Obtain all conversations that anyone has had in your project, including any and all users. Of course, only the Owner or Admins of a project can access these sensitive details.
Data format
If a user is authenticated when chatting, we include their email address. Otherwise null.
In addition, each assistant message includes contexts that were (potentially) used to answer the question. We always include a maximum of 80 contexts per assitant response.
# Data format modeled after Chat API https://platform.openai.com/docs/api-reference/chat/create
"model": "gpt-4",
"messages": [
{
"role": "system",
"content": "Your system prompt here"
},
{
"role": "user",
"content": "What is in these documents?"
}
],
... etc
How to read Conversation History
import jsonlines
import pprint
filename = 'myProject-convo_history.jsonl'
with jsonlines.open(filename) as f:
data = list(f)
print(len(data))
pprint.pprint(data[0])
Example of a single row:
{'convo': {'folderId': None,
'id': '03a9ffb3-5bde-4766-a4eb-66dff42ed8ac',
'messages': [{'content': 'Contrast Shakespeare against Kierkegaard..',
'contexts': [],
'role': 'user'},
{'content': , "While Shakespeare's works explore the complexities of "
'human nature through vivid characters and timeless '
"themes, Kierkegaard's philosophical writings delve "
'into the depths of individual existence, faith, and '
'the human condition, making them distinct yet equally '
'profound in their examination of the human '
'experience.',
'contexts': [{'base_url': 'http://kastanday.com',
'course_name ': 'test-video-ingest-21',
'pagenumber': '',
'readable_filename': 'Kastan Day – I '
'love coding, '
'drones and '
'podcasts.',
's3_path': '',
'text': 'Skip to content\n'
'I solve real world problems '
'with machine learning.\n'
'Swarthmore college president '
'Val Smith asked me to speak to '
'incoming students at '
'orientation 2019. View my talk '
'on startups, failure and '
'creating your own system of '
'happiness.\n'
'Working at NASA’s Autonomy '
'incubator, read about my work '
'here.\n'
'Currently\n'
'\n'
'Masters in Computer Science '
'from UIUC\n'
'Specialization in applied '
'machine learning, ML-ops, and '
'distributed ML training.\n'
'Expected grad May, 2023.\n'
'\n'
'National Center for\xa0'
'Supercomputing Applications '
'(NCSA)\n'
'Research Assistant, Oct '
'21-Present.\n'
'Funded by the NSF & IBM '
'Research.\n'
'\n'
'I implemented distributed ML '
'training on a GPU '
'supercomputer (25 Nvidia DGX '
'nodes, 200 A100 GPUs) to scale '
'up the research of domain '
'experts in biology and '
'physics.\n'
'\n'
'Distributed (HPC) Systems\n'
'Data & Model Sharding '
'Parallelism\n'
'Pipeline & Tensor Parallelism\n'
'PyTorch Lightning\n'
'Mesh Tensorflow\n'
'Ray.io\n'
'FairScale\n'
'Horovod\n'
'Dask\n'
'Docker\n'
}
]
],
'role': 'assistant'},
'model': {'id': 'gpt-4-0613', 'name': 'GPT-4-0613'},
'name': 'How did Kastan win argonne?',
'prompt': 'You are ChatGPT, a large language model trained by '
"OpenAI. Follow the user's instructions carefully. "

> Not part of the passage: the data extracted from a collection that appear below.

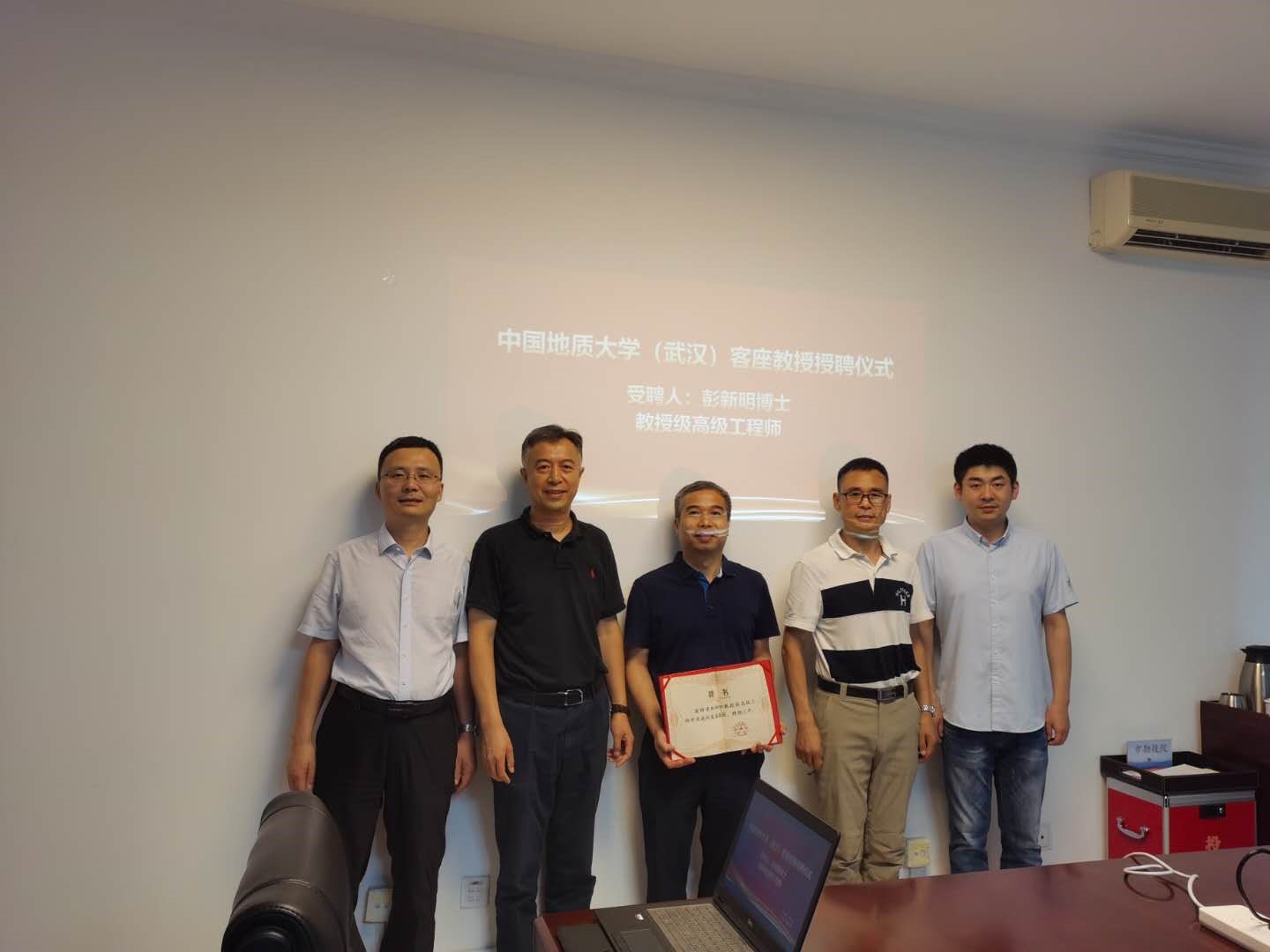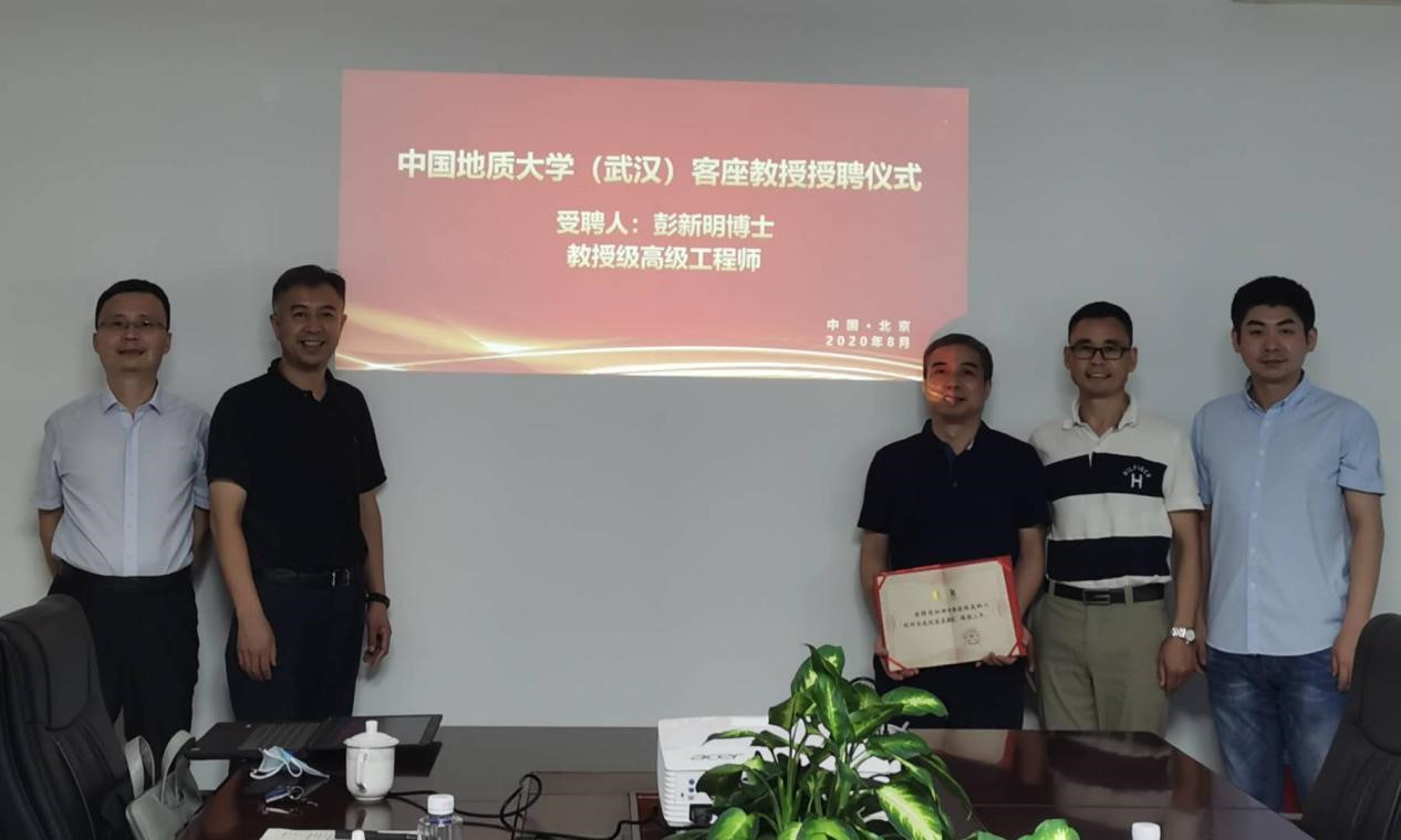 8月12日下午,高清av (武汉)聘请彭新明博士为客座教授的仪式在北京市地质勘察技术院217会议室举行。北京市地质勘察技术院行政负责人王立发、院副总工程师兼资源勘查中心主任彭新明及相关人员出席仪式。仪式由高清av 副院长窦斌教授主持。
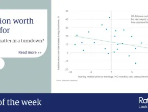 Each dot in this chart shows the return of UK defensive sectors during each of the past three economic recessions (above zero on the vertical axis is an outperformance versus the overall market, and the further to the right on the horizontal axis the more expensive). Read more on why we think now is a good time to move in to less economically sensitive sectors in ‘A solid defence’, one of the articles in our latest InvestmentInsights.
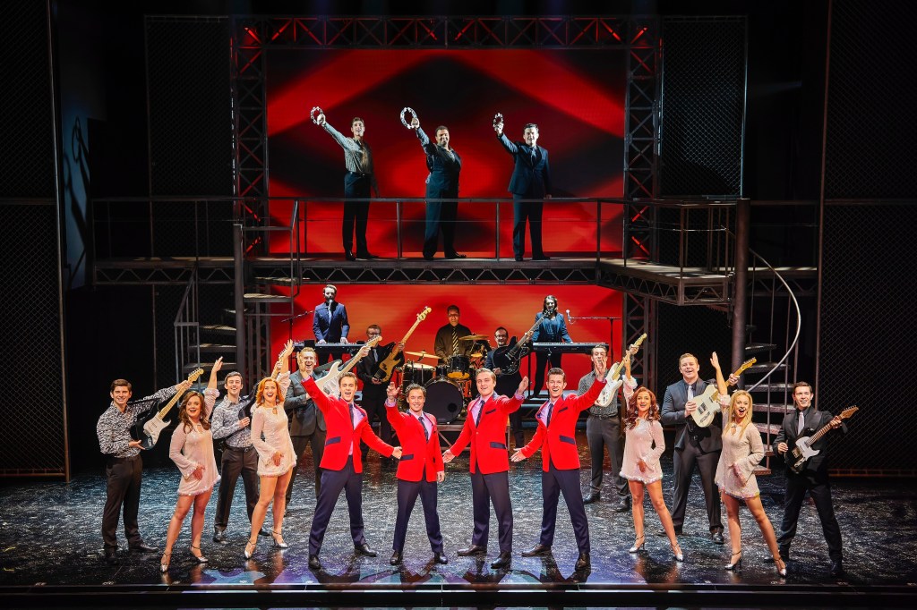 The original line-up, of Frankie Valli – played by Michael Pickering, Nick Massi – Lewis Griffiths, Tommy DeVito – Dalton Wood, and Bob Gaudio who also wrote most of the songs – Blair Gibson, stayed together until 1965 when Nick Massi was replaced by Joe Long. Half a dozen of the songs in the show were from the later period but who cares, it is a musical not a documentary.
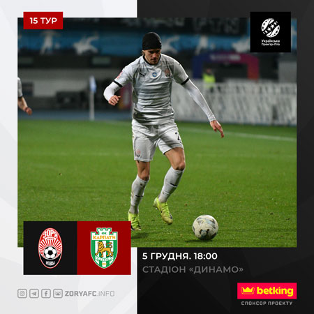 У п`ятницю, 5-го грудня, в рамках 15-го туру Прем’єр-Ліги «Зоря» зустрінеться з «Карпатами». Матч відбудеться в Києві на стадіоні «Динамо» ім. В. Лобановського.
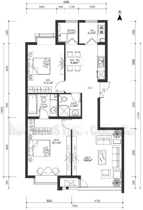 2、兩個(gè)衛(wèi)生間均為暗衛(wèi),不宜于濁氣排放.

'Respond using markdown.',
'temperature': 0.4,
'user_email': 'kvday2@illinois.edu'},
'convo_id': '03a9ffb3-5bde-4766-a4eb-66dff42ed8ac',
'course_name': 'test-video-ingest-21',
'created_at': '2023-08-14T16:35:40.508062-07:00',
'id': 3476,
'user_email': 'kvday2@illinois.edu'}
Export all Documents
Download the post-processed text and vector embeddings (OpenAI Ada-002) used by the LLM. The export format is JSON Lines (.JSONL). To minimize data transfer costs, exporting original files (PDFs, etc.) is only available for individual documents.
To export all conversations, click Analysis then click Download.
Export all documents from the bottom of the "Materials" page.